**Task brief**
All pictures are to be skipped; retype only the lines from the top of the entries through the line with "フラットタイプで使いやすい、おしゃれな印象のデニムポーチ", both included.

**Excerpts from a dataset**
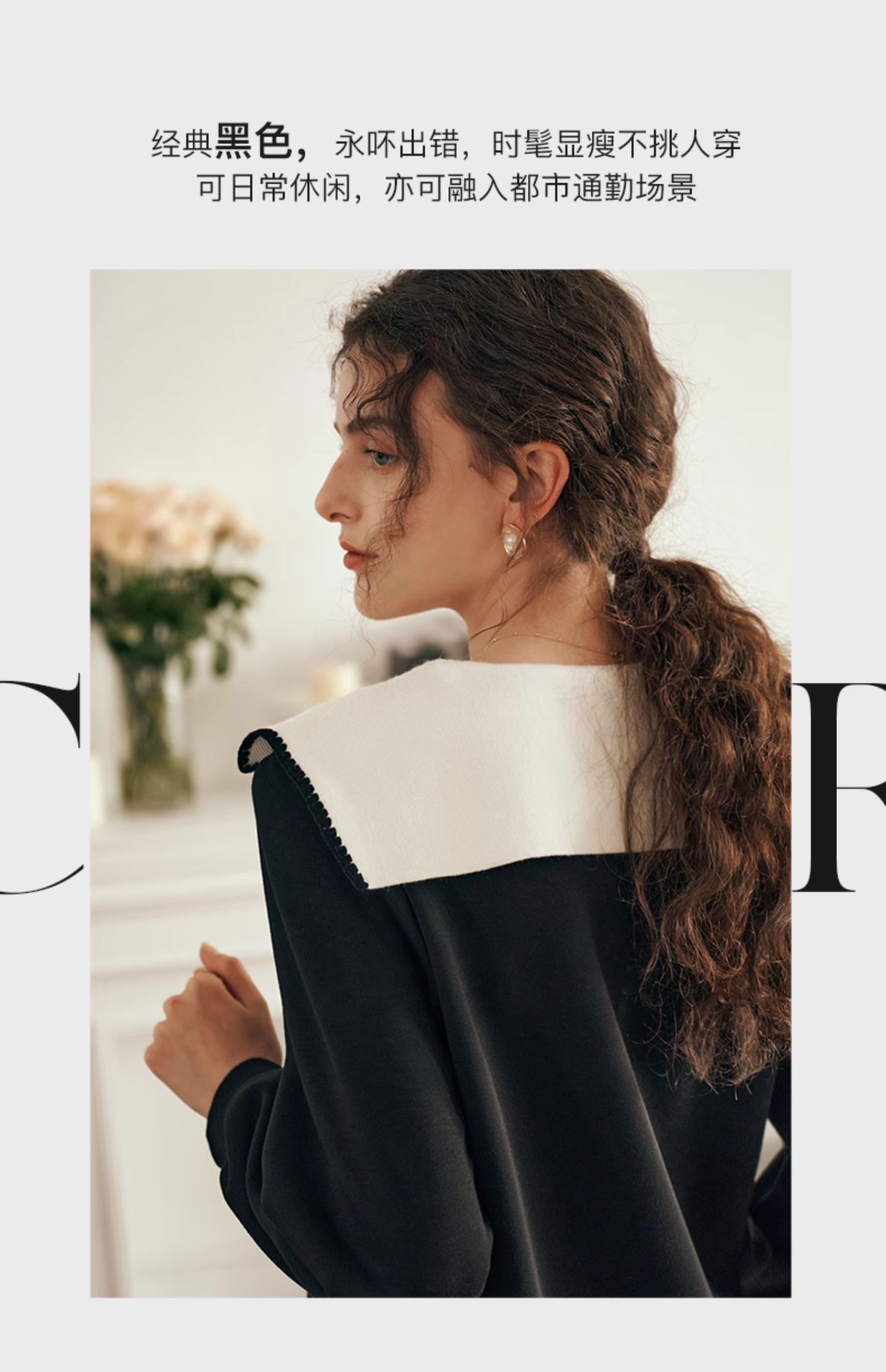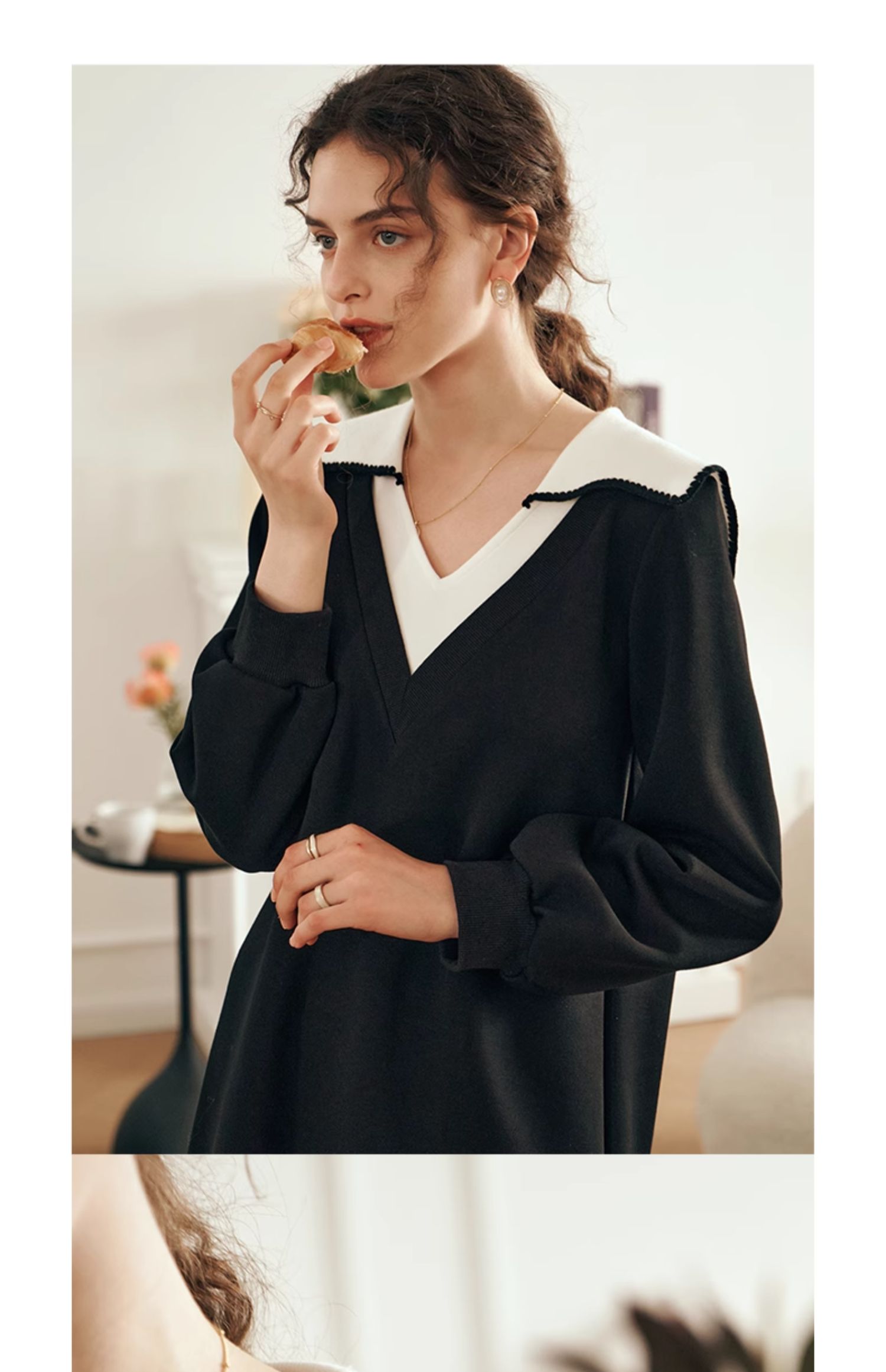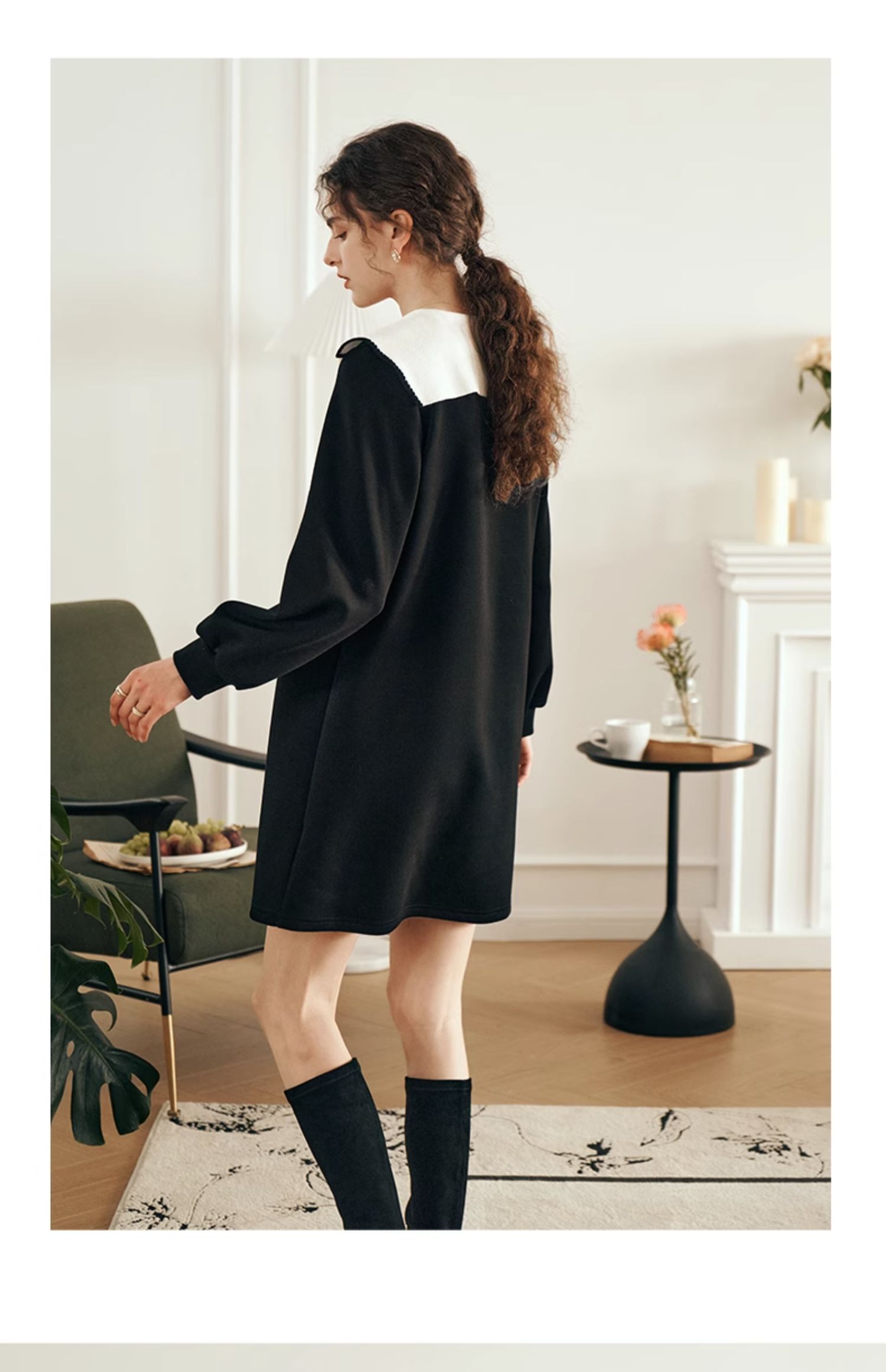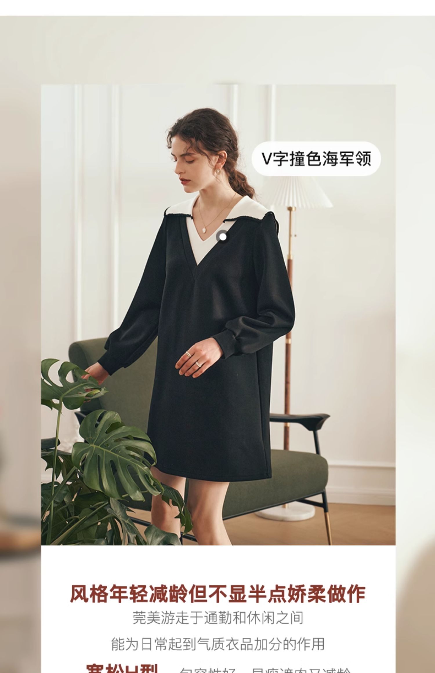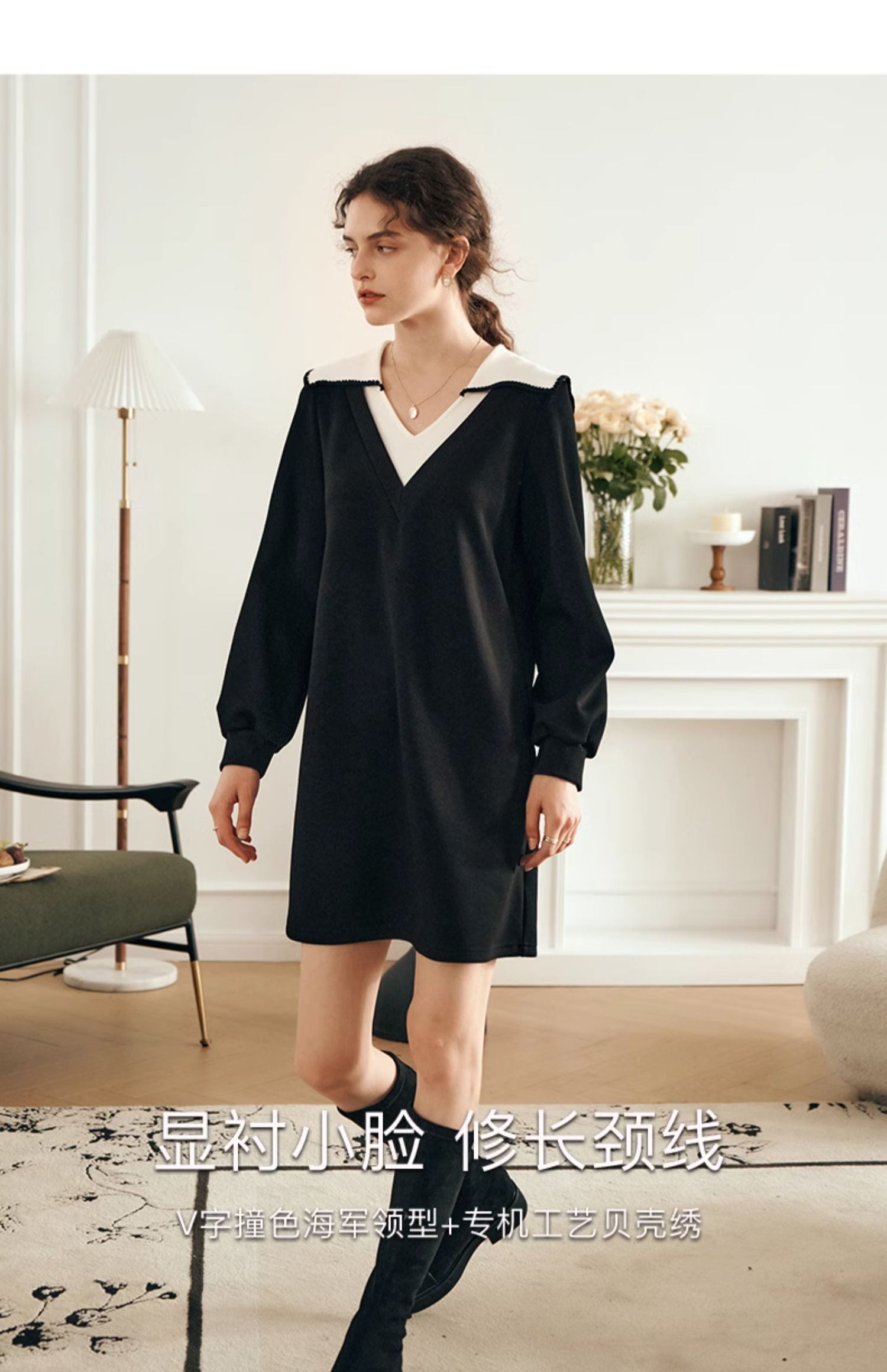 OLrain欧芮儿法式黑色连衣裙女春装2025年新款海军领撞色显瘦裙子
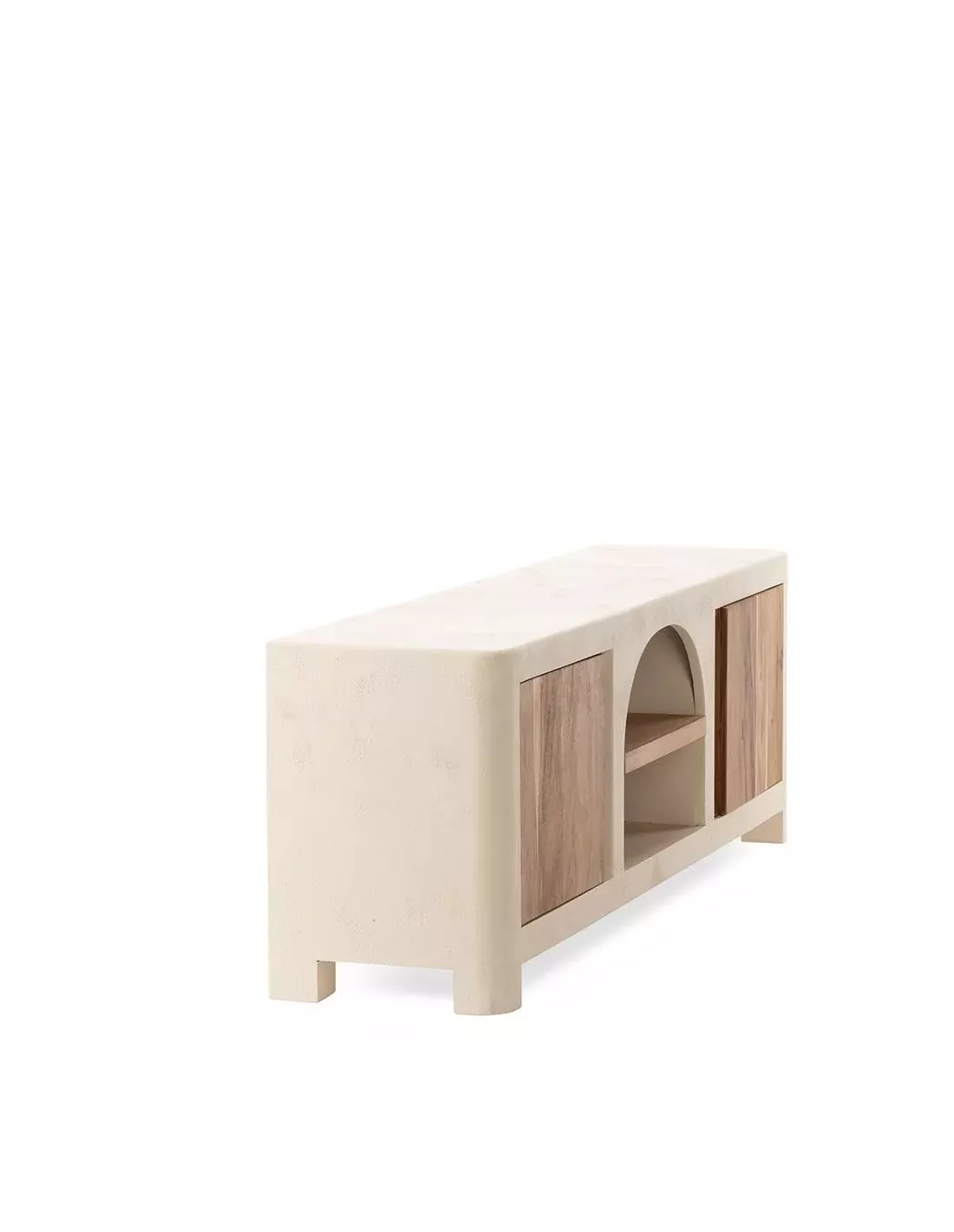 Réalisé en contreplaqué enduit de béton, ce buffet allie un design épuré et une finition parfaite. Ses 2 portes et l’étagère de la niche sont en bois d’acacia.
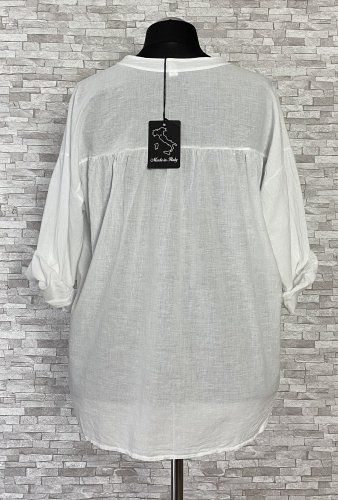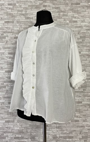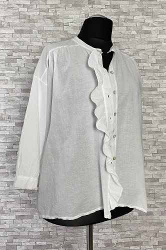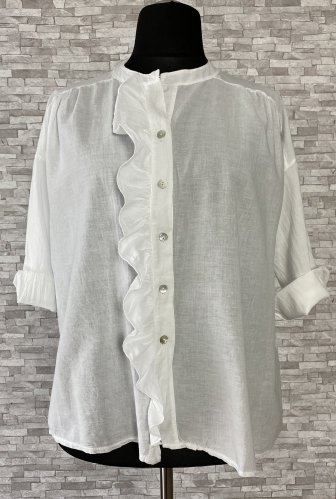 Rozpinana bluzka damska z falbaną po jednej stronie, uszyta z przewiewnego i przyjemnego w dotyku materiału wiskozowego. Rękawy długości 7/8, z obniżoną linią ramion, zakończone mankietem z zapięciem na guzik.
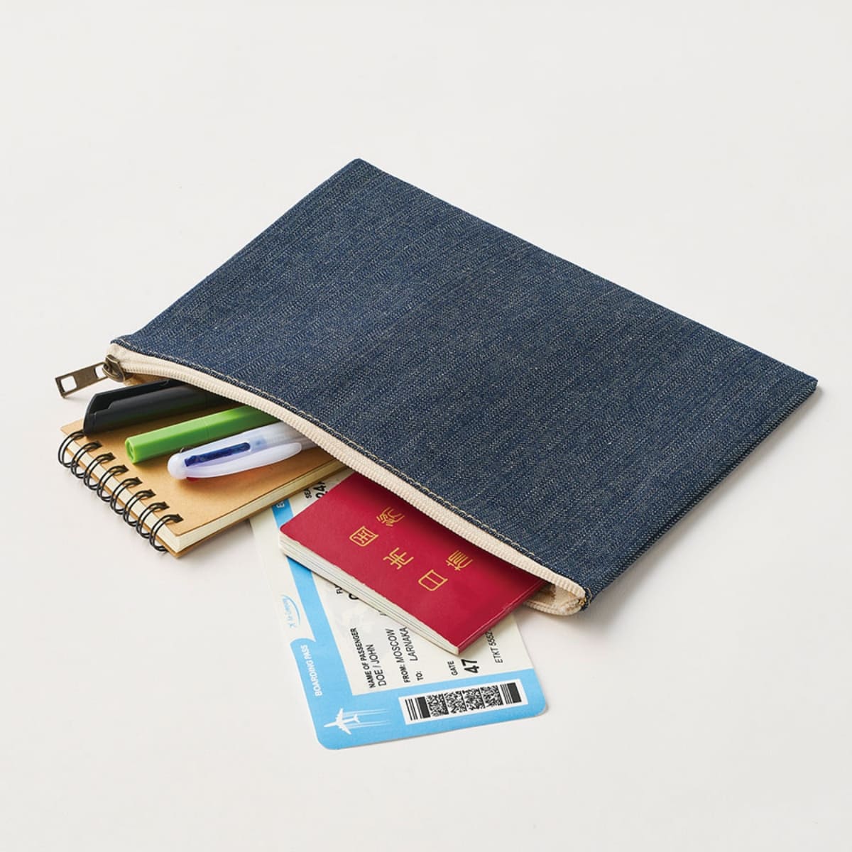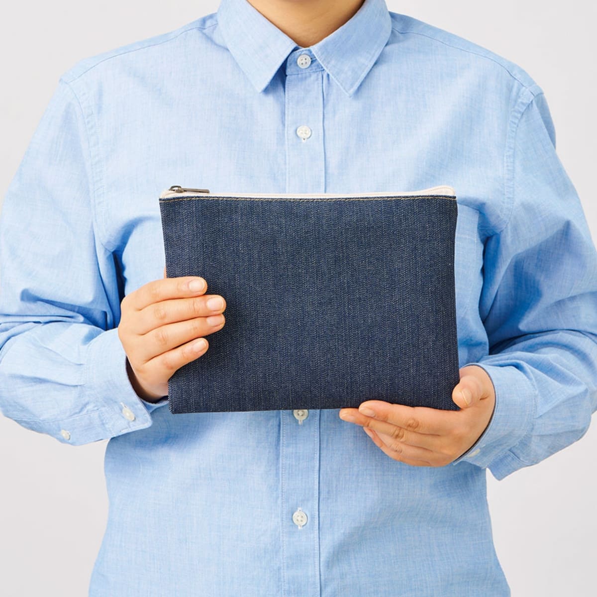 フラットタイプで使いやすい、おしゃれな印象のデニムポーチ
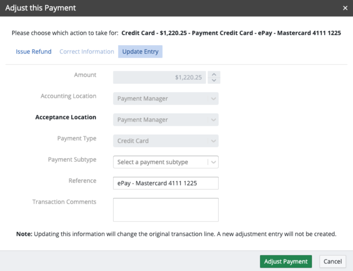 -- If you simply need to update information such as the payment subtype, Reference details, or Transaction Comments, select Update Entry. Make the necessary changes, and then click Adjust Payment.
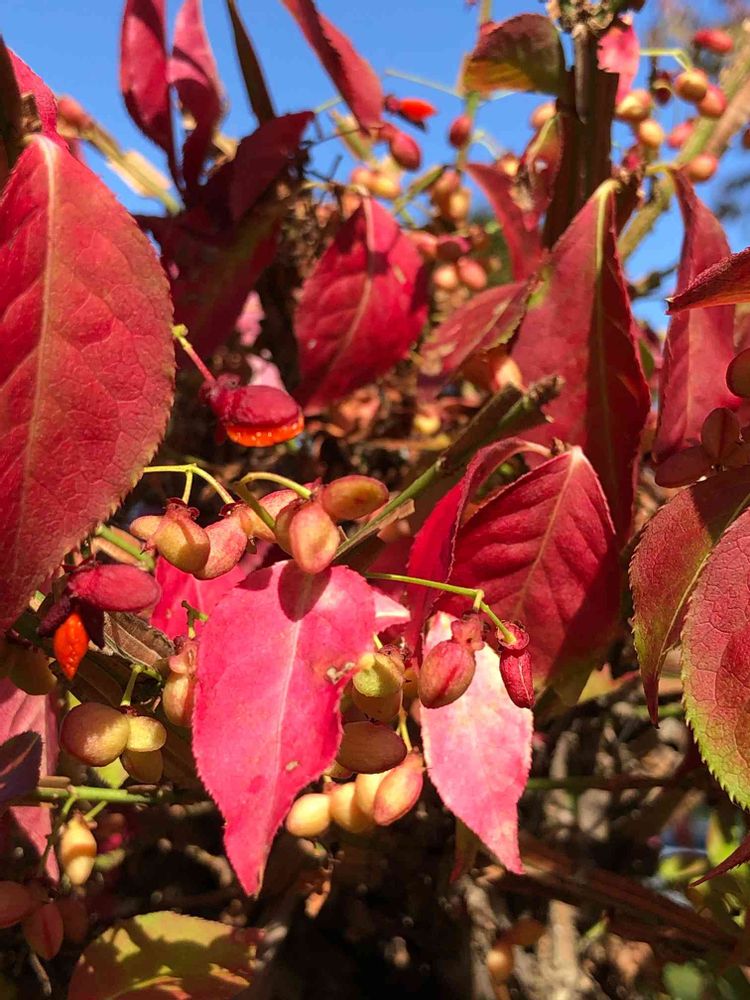 北海道は、まさに錦秋ですね🍁。ニシキギの葉が、錦の織物の如く赤く色づいて、これから赤くなる実も綺麗ですねぇ🤗🍒。

**Answer to this task**
 OLrain欧芮儿法式黑色连衣裙女春装2025年新款海军领撞色显瘦裙子
 Réalisé en contreplaqué enduit de béton, ce buffet allie un design épuré et une finition parfaite. Ses 2 portes et l’étagère de la niche sont en bois d’acacia.
 Rozpinana bluzka damska z falbaną po jednej stronie, uszyta z przewiewnego i przyjemnego w dotyku materiału wiskozowego. Rękawy długości 7/8, z obniżoną linią ramion, zakończone mankietem z zapięciem na guzik.
 フラットタイプで使いやすい、おしゃれな印象のデニムポーチ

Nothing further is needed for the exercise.